This visualization shows how each experimental condition (rows) contributes to each CCC-RISE component (columns). High values indicate strong association between a condition and a component’s communication pattern.
- Parameters:
data (anndata.AnnData) – AnnData object with stored CCC-RISE results. Must contain data.uns[“A”] and data.obs[cond].
ax (matplotlib.axes.Axes) – Matplotlib axes object to plot on.
cond (str, optional) – Name of column in data.obs containing condition labels.
cond_group_labels (pd.Series, optional) – Series mapping conditions to group labels for colored row annotations.
color_key (list, optional) – Custom colors for condition group labels.
group_cond (bool, optional) – If True and cond_group_labels provided, sorts conditions by group.
normalize (bool, optional) – If True, normalizes each component to [-1, 1] range.
- cellcommunicationpf2.figures.commonFuncs.plotFactors.plot_eigenstate_factors(data: anndata.AnnData, ax: matplotlib.axes.Axes, factor_type: str)[source]
Plot Factor B (sender eigenstates) or Factor C (receiver eigenstates) as a heatmap.
Eigenstate factors represent the underlying cell state patterns across components in the latent RISE space. Each row represents a latent dimension from RISE and each column represents a CCC-RISE component.
- Parameters:
data (anndata.AnnData) – AnnData object with stored CCC-RISE results. Must contain data.uns[“B”] or data.uns[“C”].
ax (matplotlib.axes.Axes) – Matplotlib axes object to plot on.
factor_type (str) – Either “B” for sender eigenstates or “C” for receiver eigenstates.
- cellcommunicationpf2.figures.commonFuncs.plotFactors.plot_lr_factors(data: anndata.AnnData, ax: matplotlib.axes.Axes, trim: bool = True, weight: float = 0.08)[source]
Plot Factor D (ligand-receptor pairs) as a heatmap showing which L-R pairs drive each component.
This visualization reveals coordinated signaling programs by showing which ligand-receptor pairs (rows) are highly weighted in each component (columns). Only L-R pairs with maximum absolute weight above the threshold are displayed.
- Parameters:
data (anndata.AnnData) – AnnData object with stored CCC-RISE results. Must contain data.uns[“D”] and data.uns[“lr_pairs”].
ax (matplotlib.axes.Axes) – Matplotlib axes object to plot on.
trim (bool, optional) – If True, filters L-R pairs based on the weight parameter.
weight (float, optional) – Minimum absolute weight threshold for including L-R pairs.
- cellcommunicationpf2.figures.commonFuncs.plotFactors.plot_lr_factors_partial(X: anndata.AnnData, cmp: int, ax: matplotlib.axes.Axes, geneAmount: int = 5, top: bool = True)[source]

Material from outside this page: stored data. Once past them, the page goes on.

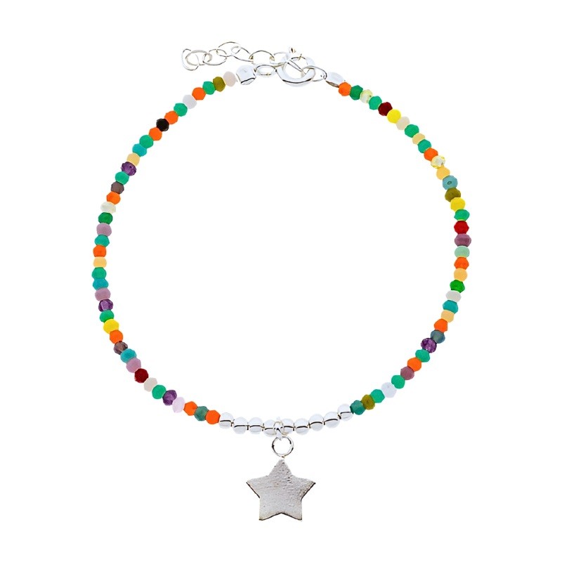 Pulsera de plata de ley con pequeñas piedras de colores y estrella lisa colgante. Elegante y delicada, perfecta para cualquier ocasión. Entregas rápidas en 24 a 72 horas laborables a península. Incluye estuche de regalo. Envío gratis para compras superiores a 20 euros. Para pedidos menores, solo 3 euros. Un detalle especial y lleno de color.
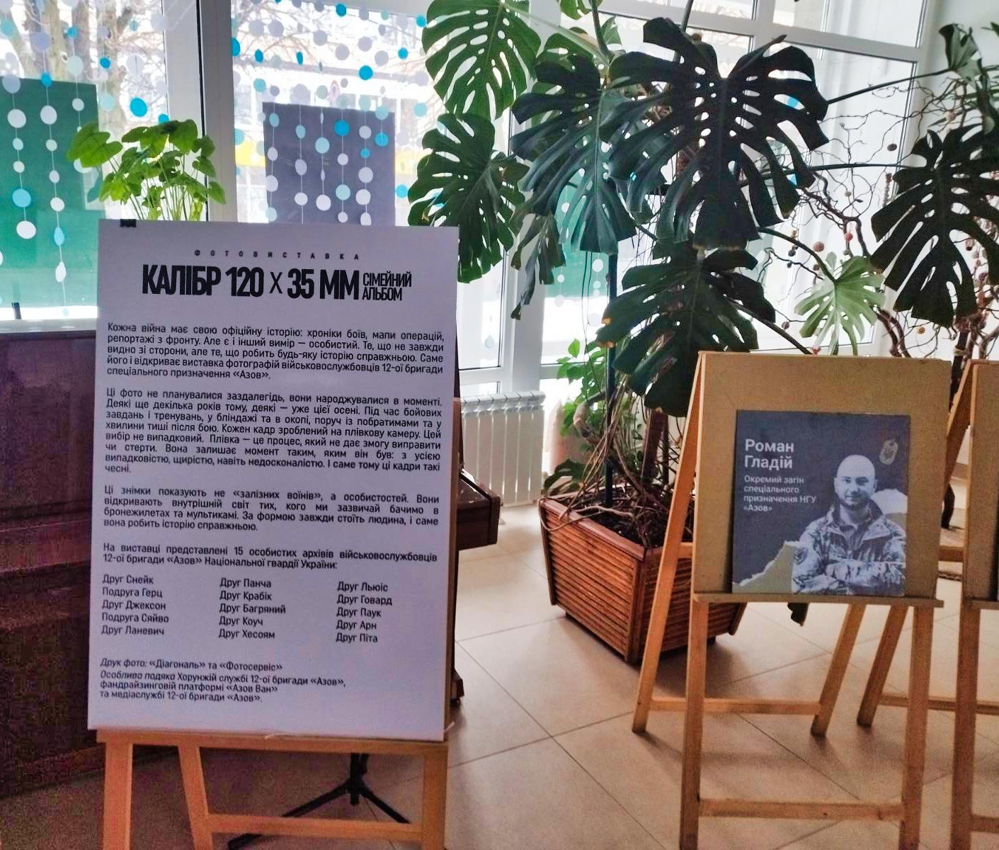 29 січня у Хмельницькому відкрито фотовиставку військовослужбовців 12-ї бригади «Азов» під символічною назвою «Калібр 120х35 мм. Сімейний альбом», приурочену до Дня пам’яті Героїв Крут. Експозиція розповідає про фронтовий побут, щоденне життя та внутрішній світ захисників України очима самих воїнів — через об’єктив, що фіксує не лише події, а й людські емоції, стійкість і віру в майбутнє.
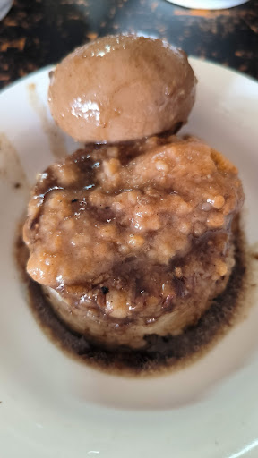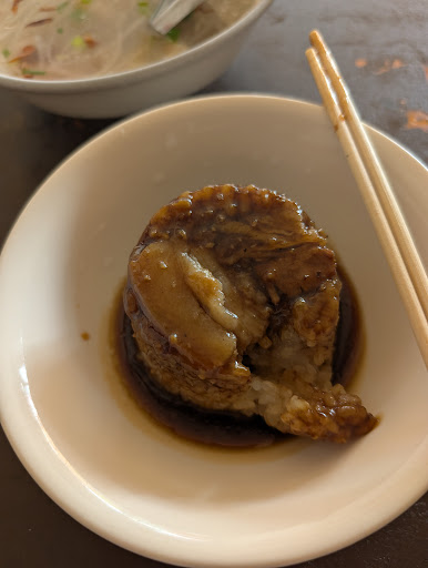 打開蒸籠裡 熱騰騰的現蒸米糕淋上醬料 吃得到Q彈入味的米糕 筒仔米糕上鋪著帶皮肉片,加分✅
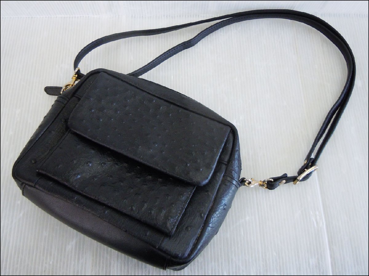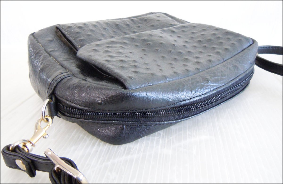 Bana8◆オーストリッチ レザー ショルダーバッグ 黒
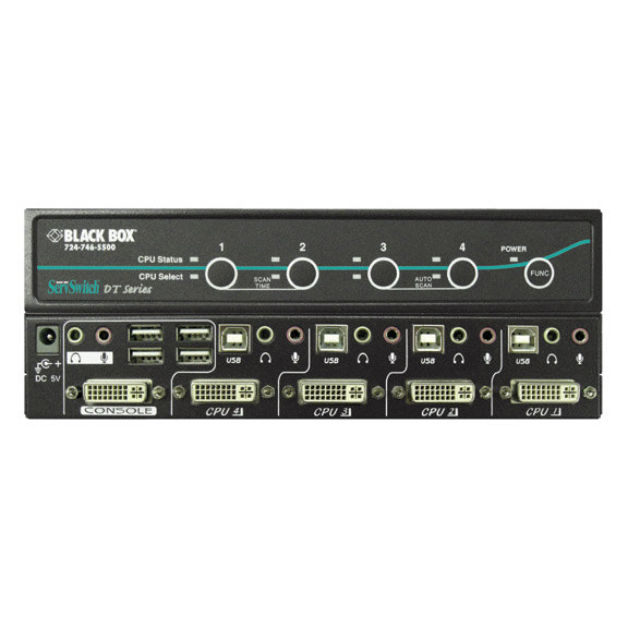 BlackBox, KV9604A, ServSwitch DT 4-Port DVI Switch with USB 2.0 Transparent
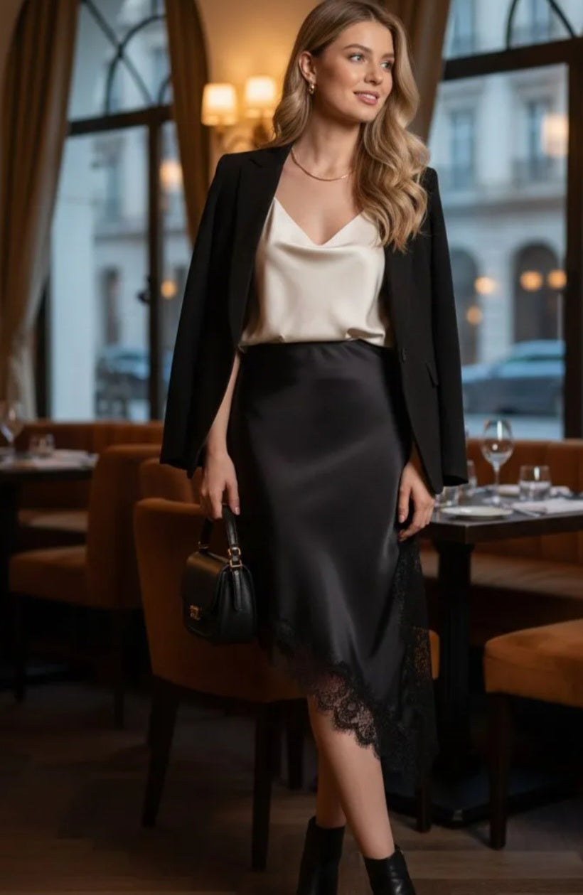 Upptäck denna asymmetriska satinkjol med spetsdetaljer. Dess elastiska midjeband ger både komfort och elegans. Perfekt för en elegant och raffinerad look, den passar enkelt med olika toppar. En storlek passar 36-40.
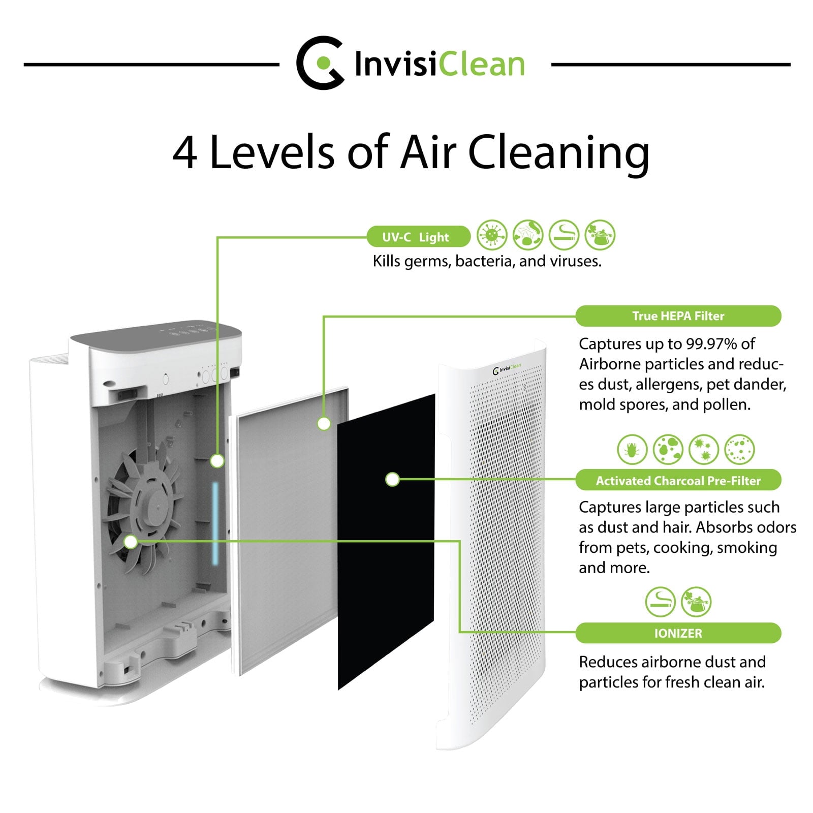 - Powerful 4 in 1 Cleaning Action: InvisiClean Aura II Air Purifiers for bedroom filters and removes bacteria, odors, smoke, and other common household allergens. Our air cleaners for home eliminate common allergy triggers, including dust, pollen, and pet dander, so that you can breathe better air.

Plot the top or bottom weighted ligand-receptor pairs for a specific component as a bar plot.
This visualization identifies the most positively or negatively weighted L-R pairs for a single component, revealing which specific interactions are most associated with that communication pattern.
- Parameters:
X (anndata.AnnData) – AnnData object with stored CCC-RISE results. Must contain X.uns[“D”] and X.uns[“lr_pairs”].
cmp (int) – Component number to visualize (1-indexed).

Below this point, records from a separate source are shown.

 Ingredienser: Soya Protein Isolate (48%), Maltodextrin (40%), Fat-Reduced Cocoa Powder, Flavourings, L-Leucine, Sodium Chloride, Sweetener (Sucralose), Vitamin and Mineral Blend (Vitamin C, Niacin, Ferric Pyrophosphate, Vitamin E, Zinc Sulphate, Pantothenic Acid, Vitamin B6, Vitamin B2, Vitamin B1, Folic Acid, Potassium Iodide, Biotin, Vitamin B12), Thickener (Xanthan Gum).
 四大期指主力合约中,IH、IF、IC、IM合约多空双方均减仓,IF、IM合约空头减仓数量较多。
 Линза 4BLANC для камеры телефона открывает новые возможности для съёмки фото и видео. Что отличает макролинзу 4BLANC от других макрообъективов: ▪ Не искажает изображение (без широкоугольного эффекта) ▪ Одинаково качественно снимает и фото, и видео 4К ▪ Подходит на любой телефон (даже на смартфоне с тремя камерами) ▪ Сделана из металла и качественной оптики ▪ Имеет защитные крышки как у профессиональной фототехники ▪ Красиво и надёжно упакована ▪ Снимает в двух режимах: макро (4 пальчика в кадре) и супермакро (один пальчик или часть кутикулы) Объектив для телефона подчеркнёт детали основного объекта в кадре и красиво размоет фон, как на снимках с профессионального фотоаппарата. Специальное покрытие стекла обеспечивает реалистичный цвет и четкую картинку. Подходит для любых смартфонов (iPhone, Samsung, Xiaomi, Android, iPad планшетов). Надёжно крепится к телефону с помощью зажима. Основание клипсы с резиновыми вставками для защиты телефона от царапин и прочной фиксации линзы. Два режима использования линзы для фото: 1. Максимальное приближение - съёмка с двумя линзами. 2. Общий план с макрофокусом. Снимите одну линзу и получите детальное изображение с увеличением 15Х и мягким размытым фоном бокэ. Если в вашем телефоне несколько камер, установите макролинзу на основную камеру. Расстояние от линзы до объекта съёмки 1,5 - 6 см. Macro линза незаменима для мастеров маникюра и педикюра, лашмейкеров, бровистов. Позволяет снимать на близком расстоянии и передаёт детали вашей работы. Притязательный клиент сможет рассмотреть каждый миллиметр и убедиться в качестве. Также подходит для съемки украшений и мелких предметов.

ax (matplotlib.axes.Axes) – Matplotlib axes object to plot on.
geneAmount (int, optional) – Number of L-R pairs to display.
top (bool, optional) – If True, shows highest-weighted pairs; if False, shows lowest-weighted pairs.
PaCMAP Visualization
- cellcommunicationpf2.figures.commonFuncs.plotPaCMAP.plot_labels_pacmap(X: anndata.AnnData, labelType: str, ax: matplotlib.axes.Axes, condition: list = None, cmap: str = 'tab20', color_key: list = None)[source]
Plot PaCMAP embedding colored by categorical labels (cell type or condition).
This visualization shows the overall structure of the cell embedding in the latent communication space, revealing how cells cluster by cell type or experimental condition based on their communication patterns.
- Parameters:
X (anndata.AnnData) – AnnData object with RISE decomposition results. Must contain X.obsm[“PaCMAP”] and X.obs[labelType].
labelType (str) – Name of column in X.obs containing categorical labels to color by.
ax (matplotlib.axes.Axes) – Matplotlib axes object to plot on.
condition (list of str, optional) – If provided, only highlights cells from these specific conditions.
cmap (str, optional) – Matplotlib colormap name for coloring categories.
color_key (list, optional) – Custom list of colors for categories.
- cellcommunicationpf2.figures.commonFuncs.plotPaCMAP.plot_wc_pacmap(X: anndata.AnnData, cmp: int, ax: matplotlib.axes.Axes, cbarMax: float = 1.0, factor_matrix: str = None)[source]
Plot PaCMAP embedding colored by weighted projections for a specific component.
This visualization shows which cells contribute most strongly to a specific component by coloring them according to their sender (Factor B) or receiver (Factor C) weights. Higher values indicate stronger association with the component’s communication pattern.
- Parameters:
X (anndata.AnnData) – AnnData object with RISE decomposition results. Must contain X.obsm[“PaCMAP”] and X.obsm[“sc_B”] or X.obsm[“rc_C”].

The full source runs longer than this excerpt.